SED navigation bar go to SED home page go to Dataplot home page go to NIST home page SED Home Page SED Staff SED Projects SED Products and Publications Search SED Pages
Dataplot Vol 1 Vol 2

BOOTSTRAP FIT

Name:
    BOOTSTRAP FIT
Type:
    Graphics Command
Purpose:
    Performs a bootstrap linear or multilinear fit.
Description:
    The standard solution for linear/nultilinear fitting is to use ordinary least squares (OLS). OLS is based on several assumptions:

    1. The residuals from the fit have constant location and variance.

    2. The residuals from the fit are independent.

    3. The residuals from the fit follow a common distribution, usually assumed to be the normal distribution.

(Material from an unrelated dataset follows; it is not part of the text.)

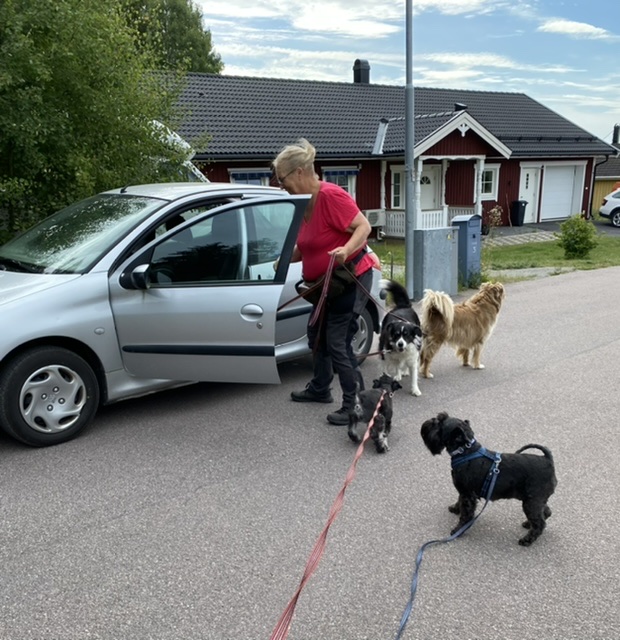 Det blir lite stökigt nar alla glada hundar skall hälsa på varandra.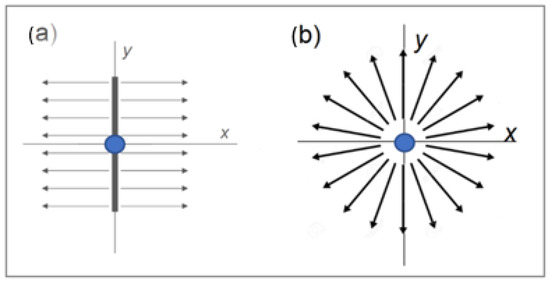 The resulting pressure gradient in the radial direction away from a wellbore placed in the origin (using a conjugate set of 1D planar sources as in Figure 5a,b), represented in a Cartesian grid for the resulting apparent 2D diffusion within the (x, y) plane, may be computed from [41]:

    When these assumptions are at least approximately satisfied, OLS provides the optimal estimates and uncertainty intervals for the fit coefficients. However, if the assumptions are not at least approximately satisfied, then the OLS estimates may no longer be optimal (and may in fact be quite wrong). Applying transformations and weighting are common approaches to fitting when the assumptions are not satisfied.

    Bootstrap fitting provides an additional alternative. The bootstrap is a non-parametric method for calculating a sampling distribution for a statistic. The bootstrap calculates the statistic with N different subsamples. The subsampling is performed with replacement. In the context of fitting, we are estimating the coefficients of the fit and providing bootstrap estimates of the uncertainty.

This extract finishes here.